Are 'Screenagers' Wiser Than Adults?

By Douglas Rushkoff. Published in USA Weekend on 14 June 1996

BEFORE AMERICA INSTALLS V-chips in every TV set and padlocks on all the Segas, we’d better take a good look at why kids devote so much energy to channel-surfing, cruising the Internet and playing Doom, as well as the positive effects cybermania may have on them.

Kids’ fascination with new media is preparing them for the workplace and society of tomorrow. If we try to learn from their example, we, too, might gain skills necessary to thrive in a highly technological and chaotic future.

Kids are natives to a mediaspace where the rest of us are mere immigrants. They were born into a world full of remote controls, joysticks and computer networks, and understand the language and customs of this world better than we ever could hope to. Just as immigrant parents look to their children to learn how to behave and even how to think, we should look to our children for cues on how to adapt to our new, some- times baffling, media environment.

RHYTHM OF THE FUTURE

Most of us reflexively bemoan the channel-surfing habits of our children. Why can’t they just watch one program all the way through? What’s wrong with their attention spans? But instead of focusing on what children are losing, let’s look at what they are gaining.

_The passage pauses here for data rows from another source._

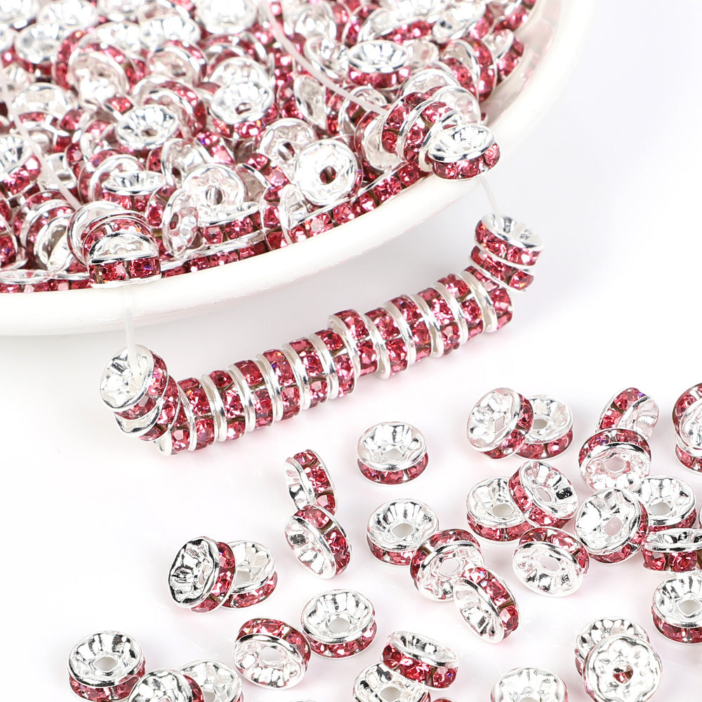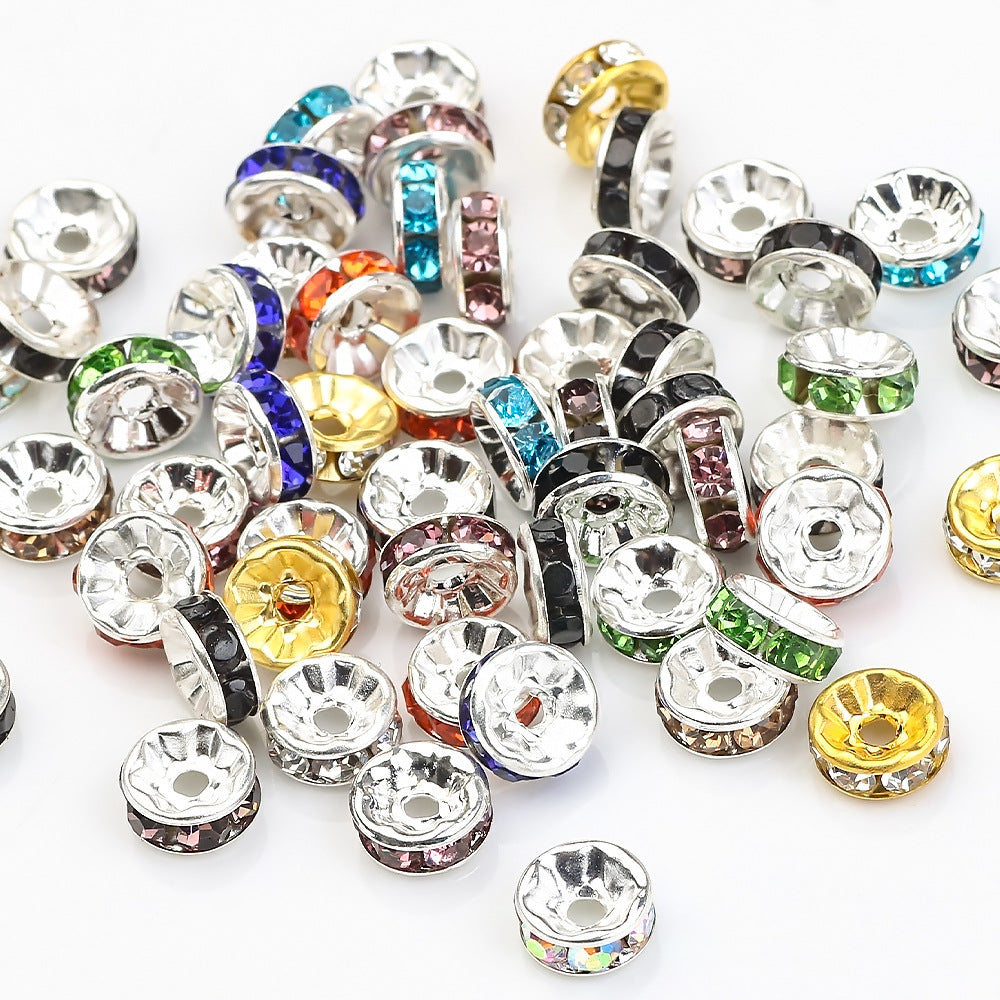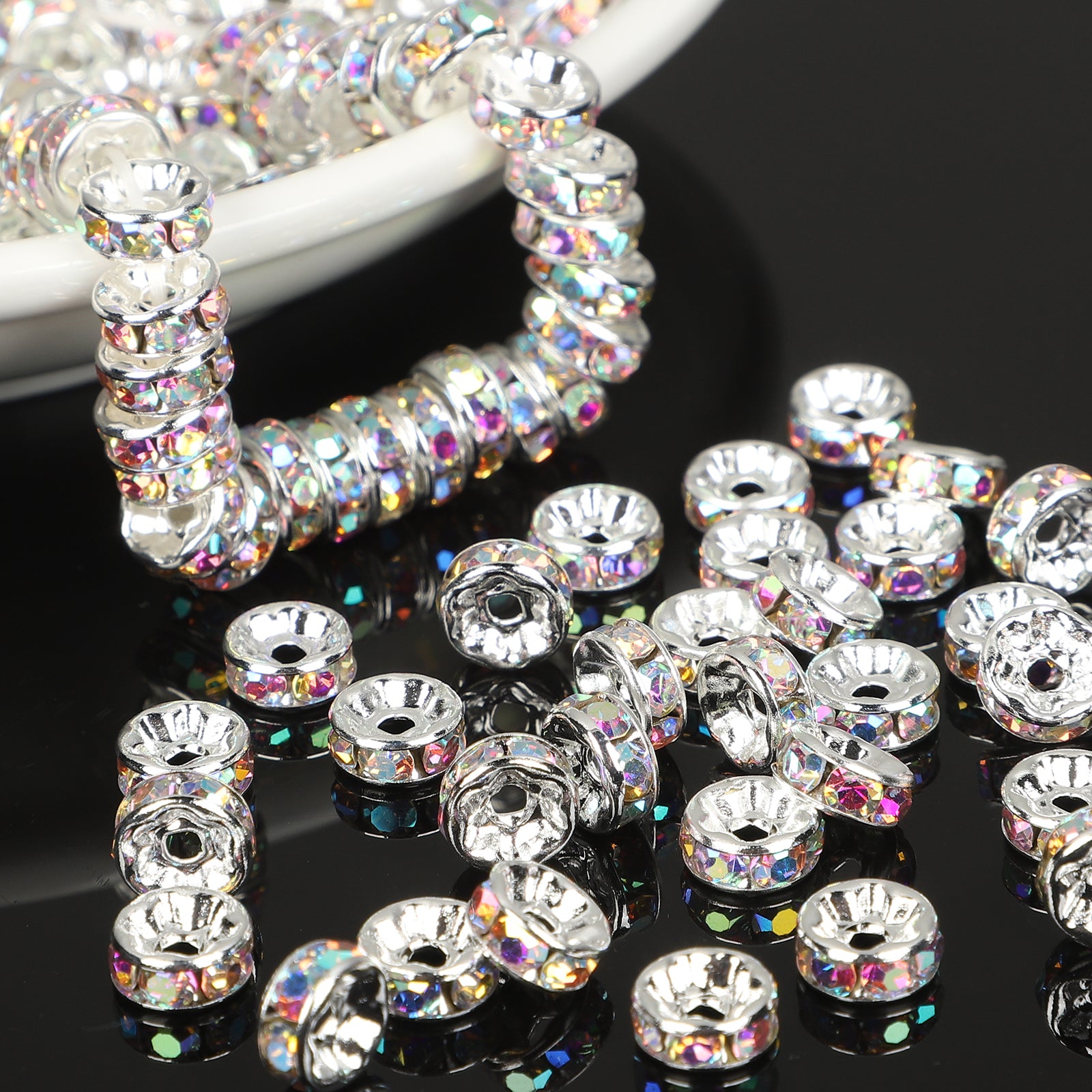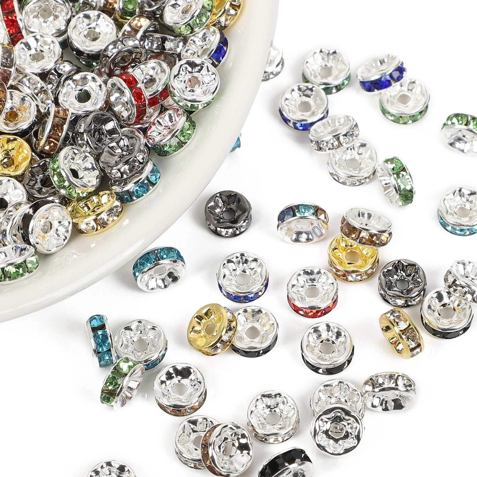 Create stunning jewelry pieces with this set of 50 mixed stone rhinestone rondelle crystal round spacer beads. Perfect for bracelets, necklaces, and other accessories.
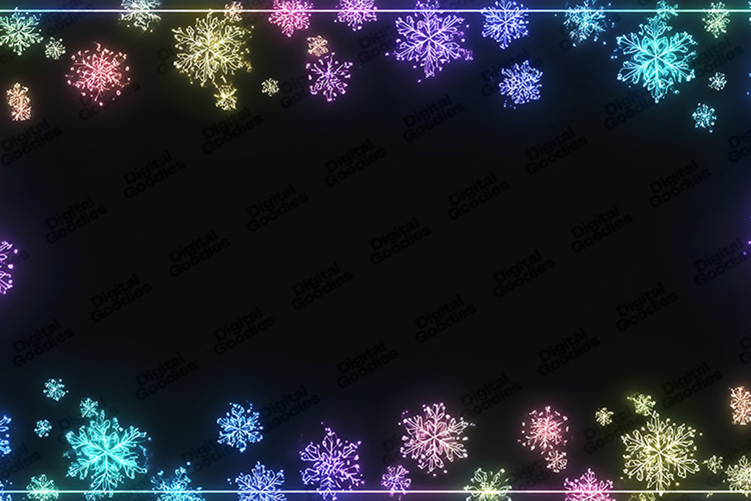 A glowing neon snowflake background featuring colorful illuminated snowflakes arranged around a dark center frame. Perfect for winter crafts, holiday cards, sublimation printing, invitations, scrapbooking, and festive digital design projects. This vibrant frosty frame adds a modern, bright, and magical seasonal touch to any creative artwork.
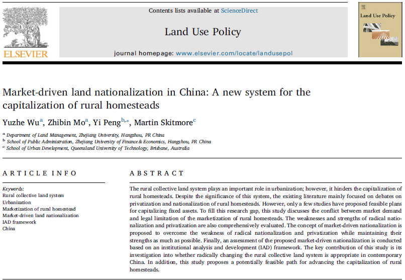 日前,由我院吴宇哲教授、博士生莫智斌、浙江财经大学彭毅副教授及昆士兰科技大学Martin Skitmore教授合作撰写的论文Market-driven land nationalization in China: A new system for the capitalization of rural homesteads被国际知名期刊Land Use Policy接收,并于11月10日见刊发表。Land Use Policy是土地政策领域的顶级期刊,内容涵盖城市和农村土地利用相关的社会、经济、政治、法律、规划等多个方面,期刊影响因子为2.768。
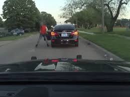After speaking with the person briefly, the suspect can be seen pulling a handgun from his belt and firing a shot at the person. The suspect then walked back to his car and drove

Traditional programming appeals to our hearts and wallets by hypnotizing us into a passive stupor. Captive to the linear, emotional storylines of our ads and sitcoms, we are held in the sponsors’ spell and “programmed” with their agendas. But a kid who feels himself being coerced simply hits the remote, pulling himself out of passivity into an active relationship to the TV image. He surfs away before he’s caught in the spell.

The flip side of his decreased tolerance for passive programming–what we usually think of as a decreased attention span–is actually an increased attention range. A child can watch and comprehend five or more television programs at a time, deftly alternating between channels just in time to catch the key moments on each. How better to prepare for a high-tech job where he may have to browse e-mail, voice mail, the Internet and stock quotes at once?

Our children are already more mature media consumers than we are. By playing video games, they increase their hand-eye coordination and interface comprehension. Winning a game is really just mastering a new piece of software. More important, our kids are demystifying the television image for themselves. With joysticks in their hands, they have a fundamentally different appreciation for the picture on the screen: It can be changed. While adults perceive news piped into their homes as indisputable fact, our kids know the truth: The image is up for grabs.

THE RICH MEANING OF VIDEO VIOLENCE

Further empowering them, the average American teen’s bedroom is as well-equipped as a state-of-the-art newsroom was 20 years ago. A computer, a modem and a TV give them instant access to global information. By navigating the World Wide Web, they learn how to move through a discontinuous realm of data and opinions, as well as how to distinguish between the two.

Not surprisingly, our kids’ favorite media content also is filled with coping strategies for the world all of us soon will inhabit. While parents can glean little more than violence from a show like Mighty Morphin’ Power Rangers, it deals quite eloquently with some meaningful core issues. The underlying theme of the Power Rangers is evolution as a team sport. The young Rangers only reach full power when they mutate together into a giant, cooperatively controlled robot. The monsters they fight are controlled by the evil Lord Zed, a victim of his own technological excesses who must remain connected to a complex life-support apparatus. He symbolizes the sad consequence of selfishly exploited technology.

Even the most violent video games, like Doom and Mortal Kombat, may be serving a higher purpose than adults may suspect. Social theorists sinee Aristotle have understood that ritualized violence relieves the need for the real stuff. (Even the Shao Lin priests study kung fu along with their Buddhist texts.) So far, at least, we’ve been able to invent games and programming sensational enough to compete with the slayings out the window or in the armories we call public schools. To my mind, this means we are winning the war.

GIVE KIDS THE CONTROLS

If nothing else, let’s put to bed the myth that it’s our kids who, left to their own devices, will inevitably seek out the most violent media. Our new generation of fledgling screenagers is not making the games currently on the shelves of Toys “R” Us. They were designed by adults using interface technology originally implemented for war simulation by the military. Once our kids grow into game designers themselves, we’ll be able to make a more accurate assessment of the effect of all this mediated play on their violent inclinations.

The real challenge before us is to resist further insulating our kids. Instead, let’s put the tools in the hands of our children and see what they do with them. Whether it’s game construction kits where kids can fashion their own adventures on the computer, or camcorders where they can make their own TV shows, kids should have the power and opportunity to design the entertainment environments that suit their needs.

This is where the efforts of truly concerned parents should go.

We might be pleasantly surprised by the generation we have spawned. They are, after all, the latest model of human being.